Dat denkwerk werd ook gedaan door Jan van Baardwijk en Casper Verbeek. Laatstgenoemde blijkt de laatste weken goed in vorm te zijn, hoewel hij dat (nog?) niet in winstpartijen weet te tonen. Wel echter in het op afstand houden van zijn tegenstander en er dan op zeker moment een remise aan over te houden. Zo ook deze avond tegen Jan, die ook niet verder wist te komen dan een remise.
Leo Stelloo speelde een moeilijke partij tegen Reinier van der Wende en Leo kwam slechter te staan maar Reinier wist dat voordeel in eerste instantie niet verder in de stelling tot uitdrukking te brengen.
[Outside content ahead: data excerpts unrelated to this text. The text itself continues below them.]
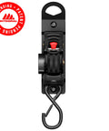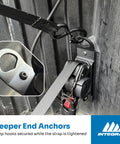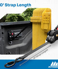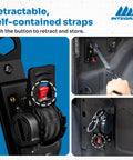 - Self-contained, retractable straps. Push the button to retract and store. 1"x10' strap.
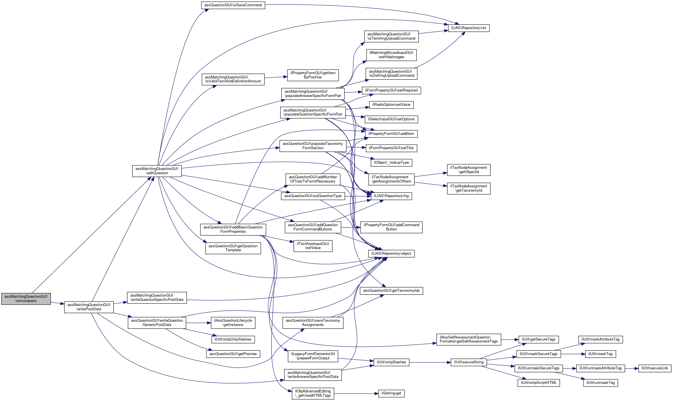 Here is the call graph for this function:| assMatchingQuestionGUI::removepairs | ( | ) |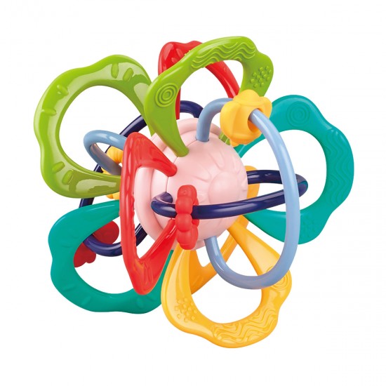 Aceasta jucarie este conceputa pentru a linisti gingiile iritate in timpul eruptiei dentare, oferind suprafete variate pentru ros si masaj gingival. In plus, jucaria dezvolta reflexul de prindere si abilitatile motorii ale bebelusului prin texturile si elementele din care este realizata.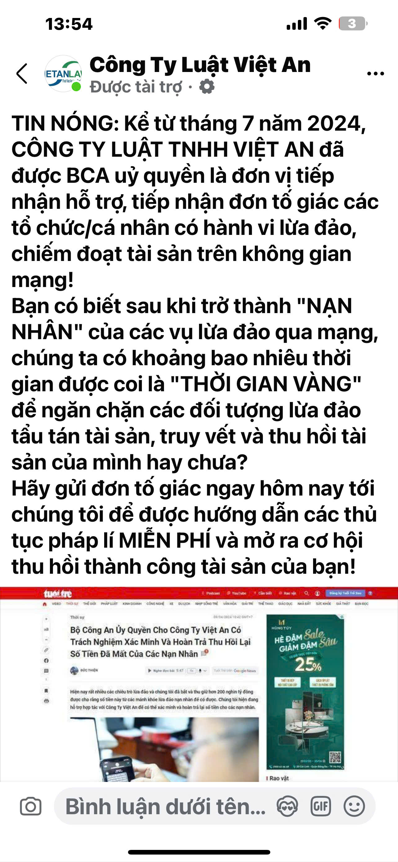Trong tháng 10/2024, khi “lướt” mạng xã hội Facebook anh thấy một bài quảng cáo của một trang Fanpage lấy tên là Công ty Luật Việt An. Bài quảng cáo này có nội dung: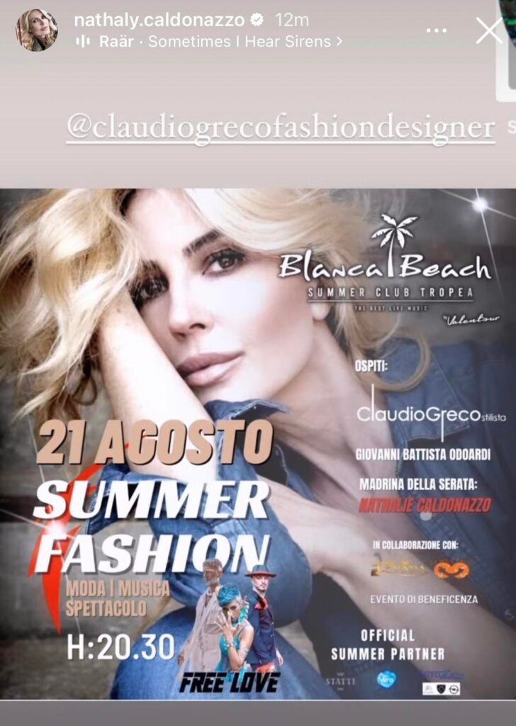 Nelle ultime ore Nathaly attraverso le sue stories Instagram ha annunciato con una locandina ufficiale un nuovo evento dove potrà incontrare i suoi fan. L’ex gieffina il prossimo 21 agosto sarà a Tropea al Blanca Beach per il Summer Fashion, moda, musica e spettacolo a partire dalle ore 20:30. La Caldonazzo per questa speciale serata d’estate sarò la madrina dell’evento.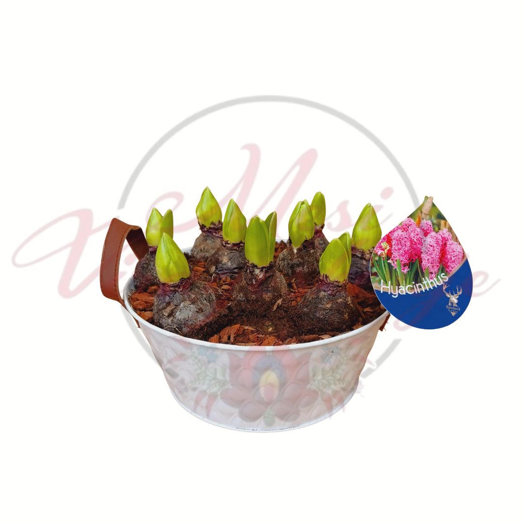 A jácint, latin nevén Hyacinthus orientalis, az egyik legismertebb és legkedveltebb tavaszi hagymás növény. Ebben a kompozícióban kilenc erős hagyma került egy dekoratív kaspóba, így virágzáskor különösen gazdag, tömött és illatos látványt nyújt. A több töves összeültetés intenzív színhatást és hosszan tartó díszítőértéket biztosít.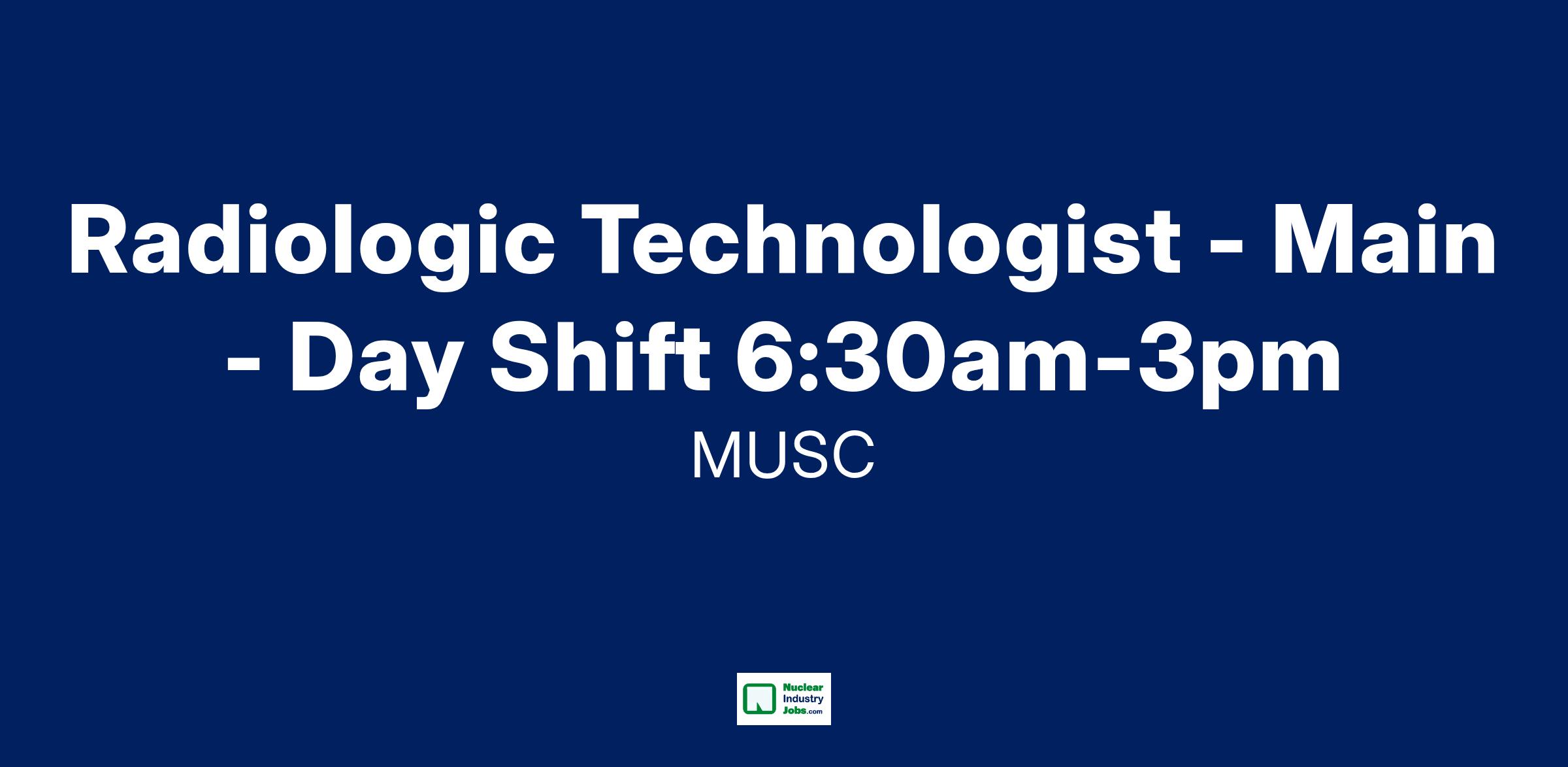 Radiologic Technologist - Main - Day Shift 6:30am-3pm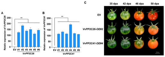 Given the pronounced ABA responsiveness and developmental expression changes in VvPP2C26 and VvPP2C41, these genes were hypothesized to function as negative regulators of fruit ripening. To validate their roles, overexpression (OE) lines of VvPP2C26 and VvPP2C41 were generated in tomato via Agrobacterium-mediated transformation, along with empty vector (EV) controls. qPCR verification confirmed the successful overexpression of target genes in six independent transgenic lines for each construct (Figure 7A). The lines VvPP2C26-OE#2 and VvPP2C41-OE#4 exhibiting the highest expression levels were selected for phenotypic assessment. Both VvPP2C26-OE#2 and VvPP2C41-OE#4 fruits displayed a marked delay in ripening compared with EV controls (Figure 7B). These results demonstrate that VvPP2C26 and VvPP2C41 function as negative regulators of fruit ripening, likely by modulating ABA-mediated signaling pathways.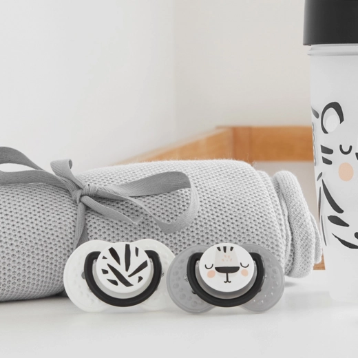 Det ergonomisk formede, udskårne skjold med store ventilationsåbninger muliggør fri næseånding og reducerer ophobning af spyt, hvilket forebygger irritation af følsom hud. Den sikre silikone er smags- og lugtfri, let at rengøre og har lang levetid. Et praktisk håndtag med ring gør det nemt at give sutten og fastgøre en kæde, og det medfølgende rejseetui holder sutterne hygiejnisk rene.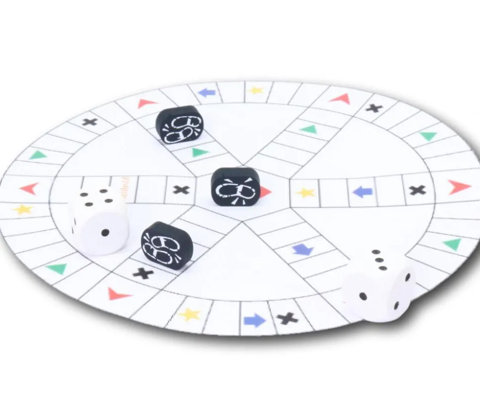 Un côté avec 1 pied et l’autre avec 2 pieds. Pièce de jeu pour jeu de société ou d’enquête.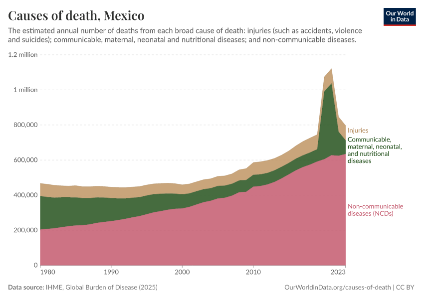In the chart, you can see the breakdown of deaths in Mexico by these broad categories. In 2023, 78,400 died from communicable diseases, 634,000 from NCDs, and 83,900 from injuries.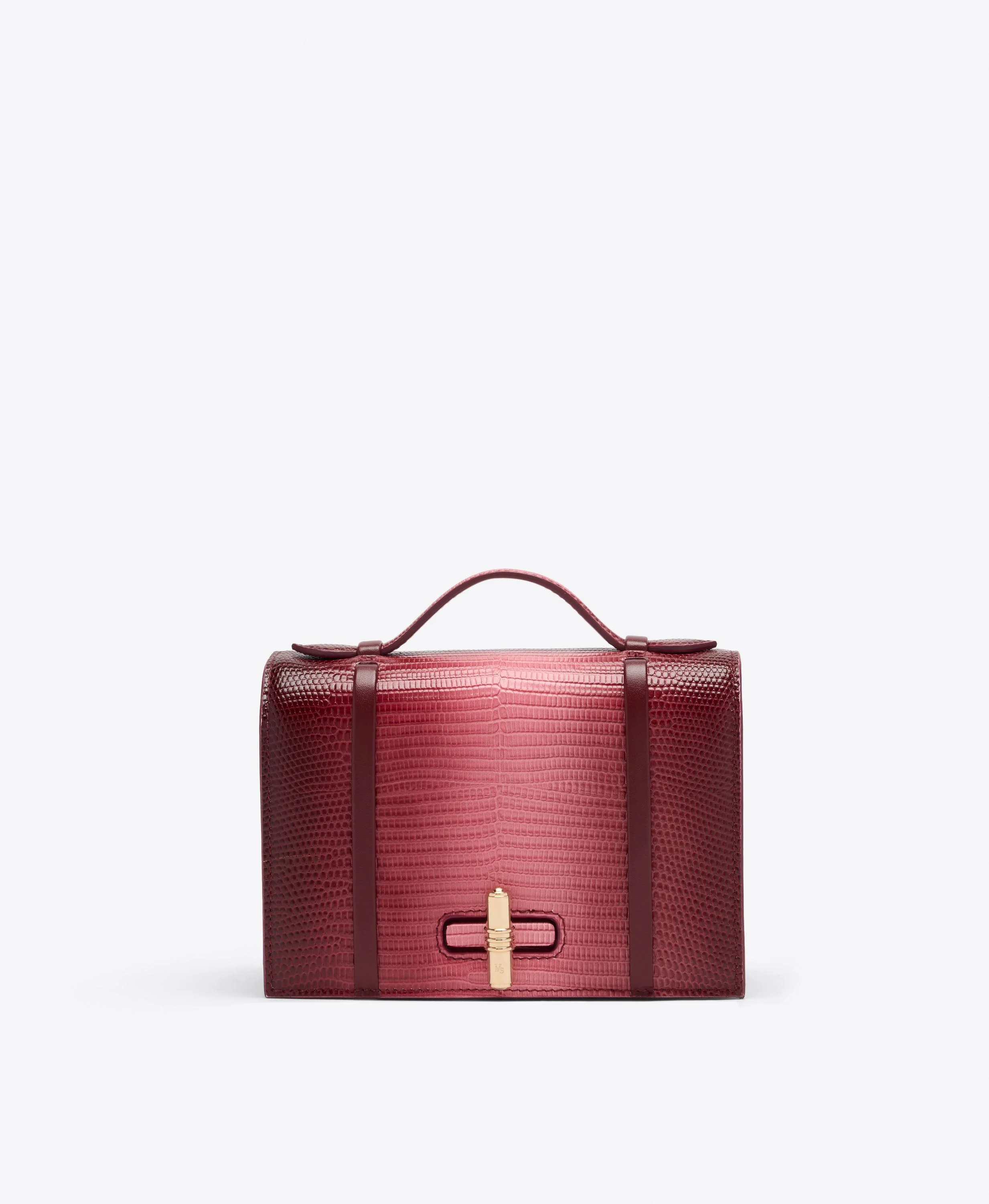 An evolution of elegance in tonal texture. The May Small handbag is hand-dyed in rosewood degrade embossed leather, creating a seamless gradient of colour and depth. Compact yet structured, it's defined by its curved top handle and signature twist-lock closure. - Colour: Rosewood - Material: Degrade Embossed Leather Tejus/Nappa - Lining: Microfibre Fabric - Style: Top Handle Bag - Handmade in Italy SIZE & FIT - Width: 18cm - Depth: 7cm - Height: 13cm - Additional chain drop: 51cm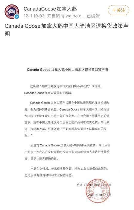仅在数十个小时之后,加拿大鹅自己“打脸”,发布声明否认门店工作人员“线下不能退货”的说法。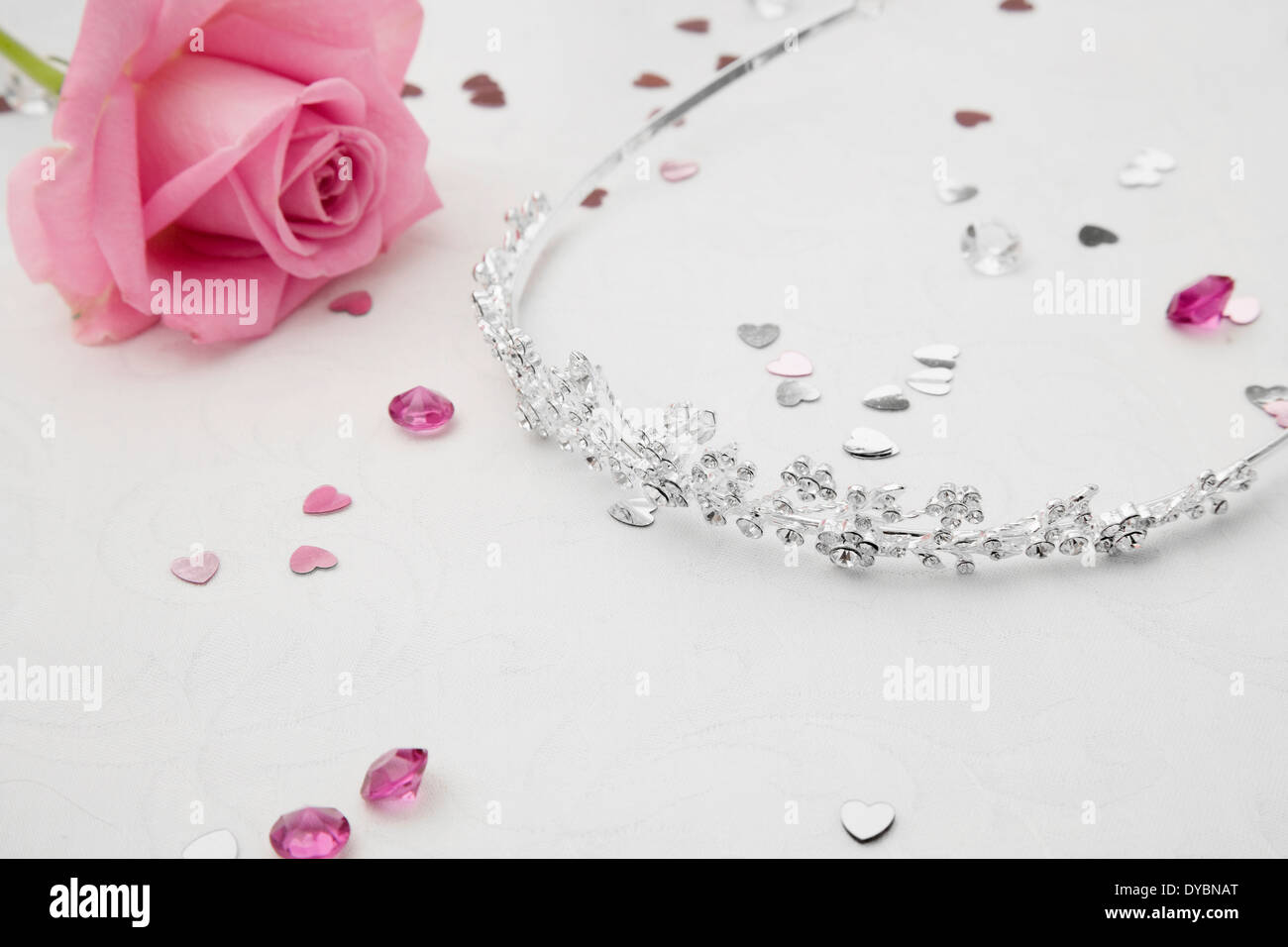 Brides Wedding Crown And Pink Rose With Wedding Table Decorations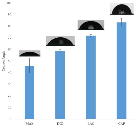 Figure 3 illustrates surface wettability, as determined by contact angle analysis of the four materials. Results show MAX as the most hydrophilic with a contact angle of 45.8° ± 1.8°, with increasing hydrophobicity of 58.4° ± 0.42°, 77.8° ± 1°, and 83.2° ± 3.3° for DIO, LAC, and CAP, respectively.
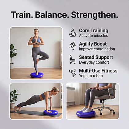 JLL Inflatable Balance Cushion for Fitness Core Training Agility Gym Workouts Yoga - Purple

Sterker nog, Leo wist hem onder druk te zetten, kwam echter wel in zijn bekende tijdnoodproblemen. Die leidden er tenslotte toe dat hij steeds moeilijker kwam te staan en tenslotte de partij nog op moest geven ook.
Dan tenslotte nog Ronald van Velzen tegen Albert Schaefer, waarbij Ronald een goede partij wist te spelen en op partijwinst leek af te stevenen. Maar Albert wist tenslotte een vrijpion te creëren en daarmee tot en met de achterste rij te lopen. Dat kostte Ronald een toren en Albert kon, met nog een, zij het geringe, pionnenmeerderheid de partij voor zich opeisen.